### Work order:
Without including any pictures, please copy every entry below exactly.

### Input material:
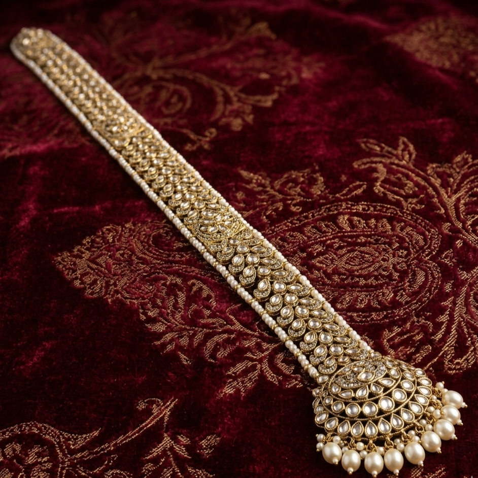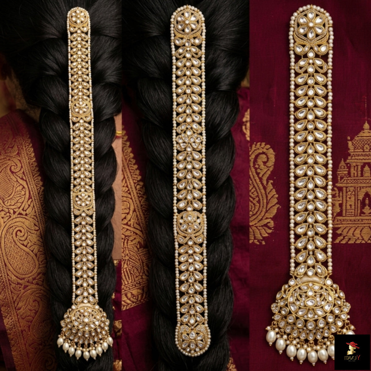 This image features a traditional Indian hair accessory known as a Jada Huu or Choti, often specifically referred to as a Nagoth or Jadanagam in South Indian traditions, or simply a Braid Extension (Veni/Choti) in broader contexts.
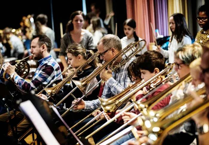El Sistema i Malmö har orkesterrepetitionen. På bilden ser vi bland annat trombon, valthorn, tuba och slagverk.
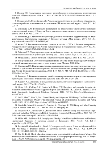 13. Лебедева Р.В. Характеристики нравственной сферы личности у молодых людей с различными типами жизненных ориентаций: автореф. дис. ... канд. психол. наук. С.-Пб. 2021. 25 с.
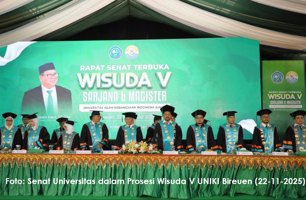 Pada acara prosesi Wisuda Akbar Angkatan V Universitas Islam Kebangsaan Indonesia (UNIKI) Bireuen, kemarin (Sabtu, 22-11-2025) mewisuda sejumlah 839 alumninya. Diantaranya terdapat sebanyak 80 nama-nama lulusan Pascasarjana (S2) Magister Manajemen Fakultas Ekonomi & Bisnis.
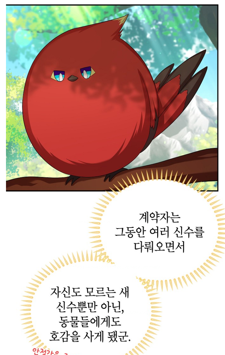 특히 신수의 왕은 정말 인상적이었어요! 원래는 거대한 모습이지만 작은 형태로 변하면 붉은색 뱁새 모습이 되는데, 그 갭이 너무 귀여워요. 이보나가 회귀 후 고대의 힘을 흡수해 신수의 왕을 소환하는 장면은 정말 압권이었죠.
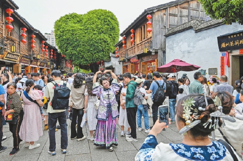 三坊七巷爱心树成为热门打卡点。本报记者 池远摄
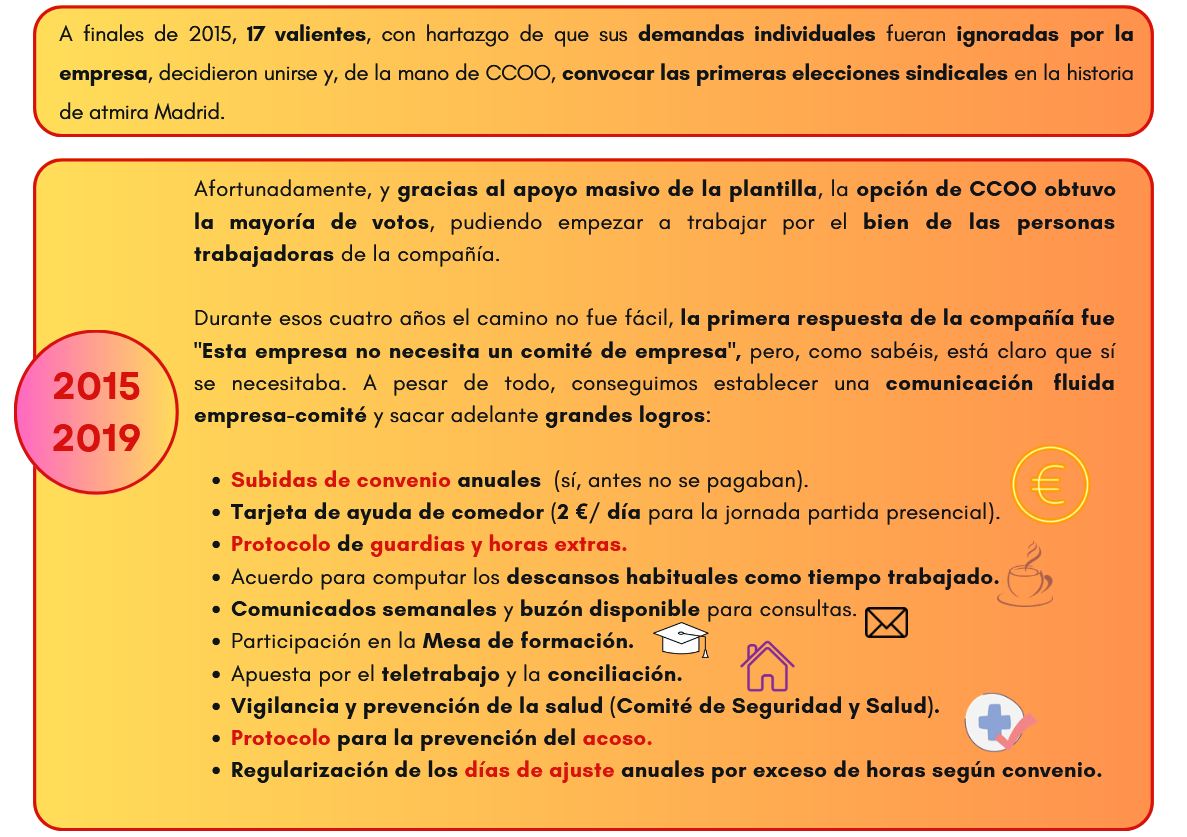 El 3 de diciembre el Comité de Atmira Madrid cumple 10 años, un tiempo en el que hemos trabajado para mejorar tus condiciones de trabajo y defender los derechos laborales en nuestra empresa.
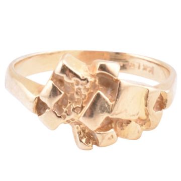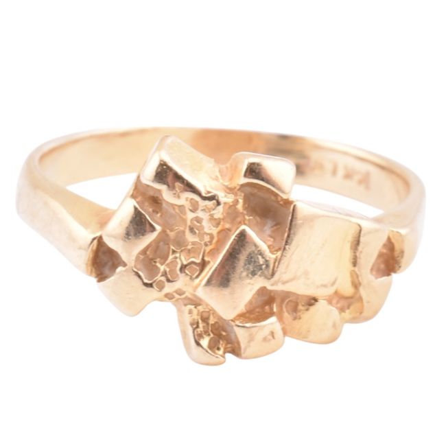 A 14ct gold dress ring. The 14ct yellow gold ring having an abstract head to polished shank. Stamped 14k to inner shank. Size M-M.5. All weights, measurements and sizes are approximate.
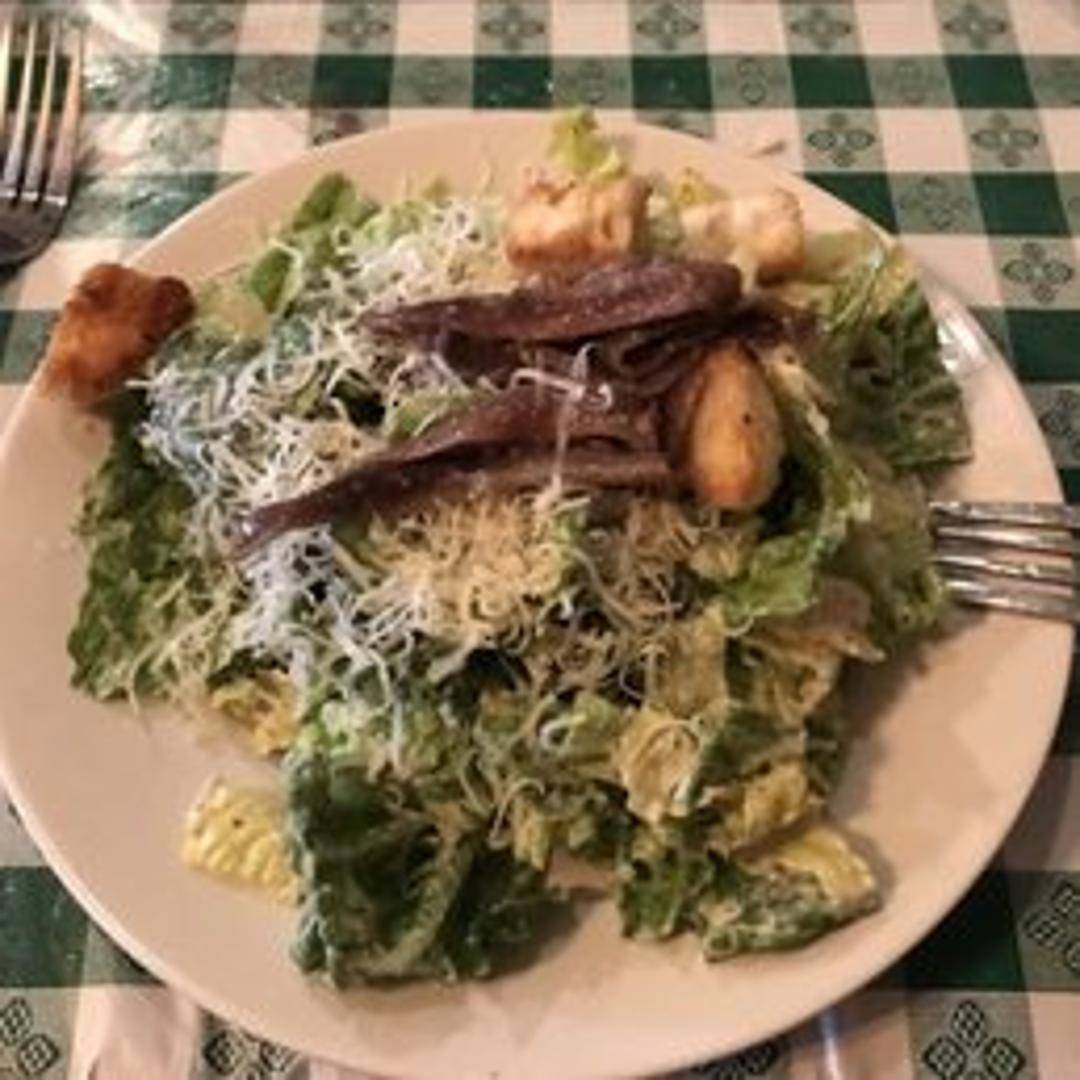 Romaine lettuce tossed with Caesar dressing, croutons, and Parmesan cheese. Often served with anchovies.
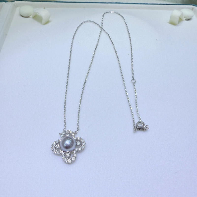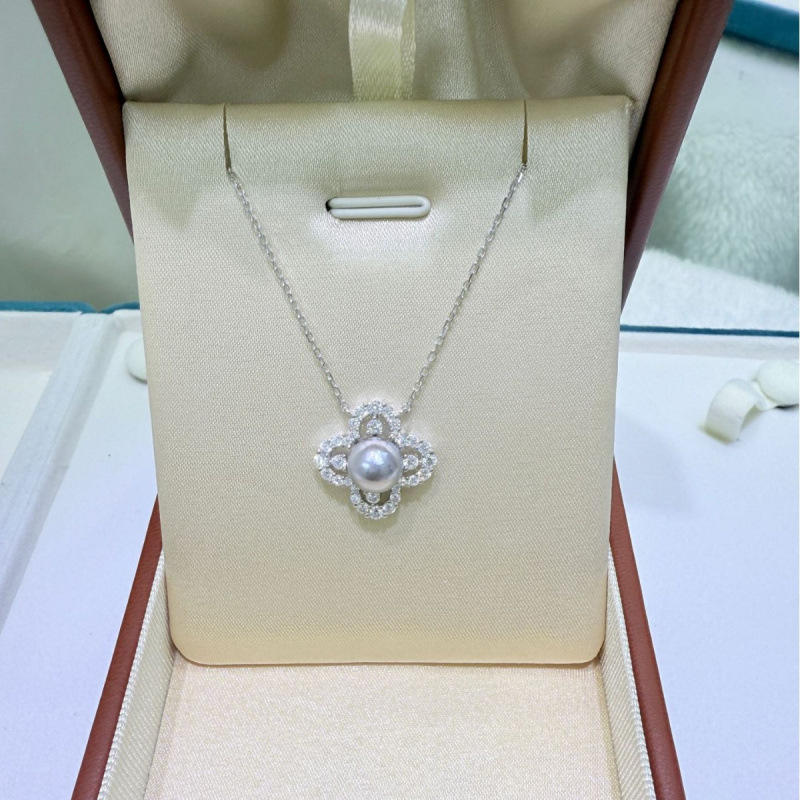 สร้อยคอมุกน้ำทะเลขนาด 8-9 มม. ดีไซน์หรูหรา พร้อมจี้เงินแท้ ประดับด้วยลายใบโคลเวอร์ ดีไซน์เรียบหรู เหมาะสำหรับฤดูใบไม้ผลิ/ฤดูร้อน
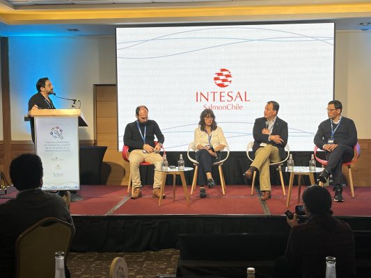 Tras un break, se realizó un panel de conversación, moderado por Cristian Gallardo Escárate, subdirector de INCAR, el cual buscó analizar y proponer medidas de prevención y control de la Caligidosis, así como también Identificar brechas y desafíos para avanzar en sostenibilidad en la industria del salmón de Chile. Conformaron el panel: Francisco Vallejos, médico veterinario de Salmones Camanchaca; Sandra Marín, investigadora de la Universidad Austral de Chile; Fernando Flores, de MSD salud animal; y Alejandro Cabezas, de INRAE.
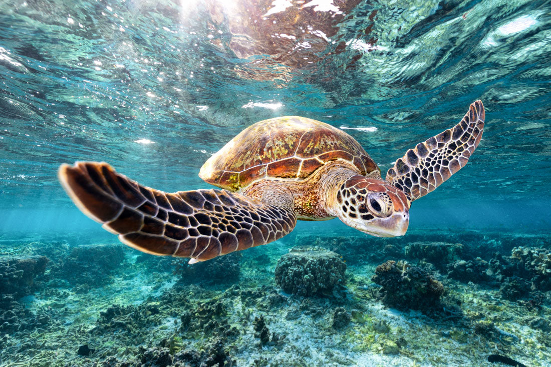 Green Sea Turtle (Chelonia mydas) Underwater Print – Lady Elliot Island Lagoon, Great Barrier Reef, Queensland

### Response area:
 This image features a traditional Indian hair accessory known as a Jada Huu or Choti, often specifically referred to as a Nagoth or Jadanagam in South Indian traditions, or simply a Braid Extension (Veni/Choti) in broader contexts.
El Sistema i Malmö har orkesterrepetitionen. På bilden ser vi bland annat trombon, valthorn, tuba och slagverk.
 13. Лебедева Р.В. Характеристики нравственной сферы личности у молодых людей с различными типами жизненных ориентаций: автореф. дис. ... канд. психол. наук. С.-Пб. 2021. 25 с.
 Pada acara prosesi Wisuda Akbar Angkatan V Universitas Islam Kebangsaan Indonesia (UNIKI) Bireuen, kemarin (Sabtu, 22-11-2025) mewisuda sejumlah 839 alumninya. Diantaranya terdapat sebanyak 80 nama-nama lulusan Pascasarjana (S2) Magister Manajemen Fakultas Ekonomi & Bisnis.
 특히 신수의 왕은 정말 인상적이었어요! 원래는 거대한 모습이지만 작은 형태로 변하면 붉은색 뱁새 모습이 되는데, 그 갭이 너무 귀여워요. 이보나가 회귀 후 고대의 힘을 흡수해 신수의 왕을 소환하는 장면은 정말 압권이었죠.
 三坊七巷爱心树成为热门打卡点。本报记者 池远摄
 El 3 de diciembre el Comité de Atmira Madrid cumple 10 años, un tiempo en el que hemos trabajado para mejorar tus condiciones de trabajo y defender los derechos laborales en nuestra empresa.
 A 14ct gold dress ring. The 14ct yellow gold ring having an abstract head to polished shank. Stamped 14k to inner shank. Size M-M.5. All weights, measurements and sizes are approximate.
 Romaine lettuce tossed with Caesar dressing, croutons, and Parmesan cheese. Often served with anchovies.
 สร้อยคอมุกน้ำทะเลขนาด 8-9 มม. ดีไซน์หรูหรา พร้อมจี้เงินแท้ ประดับด้วยลายใบโคลเวอร์ ดีไซน์เรียบหรู เหมาะสำหรับฤดูใบไม้ผลิ/ฤดูร้อน
 Tras un break, se realizó un panel de conversación, moderado por Cristian Gallardo Escárate, subdirector de INCAR, el cual buscó analizar y proponer medidas de prevención y control de la Caligidosis, así como también Identificar brechas y desafíos para avanzar en sostenibilidad en la industria del salmón de Chile. Conformaron el panel: Francisco Vallejos, médico veterinario de Salmones Camanchaca; Sandra Marín, investigadora de la Universidad Austral de Chile; Fernando Flores, de MSD salud animal; y Alejandro Cabezas, de INRAE.
 Green Sea Turtle (Chelonia mydas) Underwater Print – Lady Elliot Island Lagoon, Great Barrier Reef, Queensland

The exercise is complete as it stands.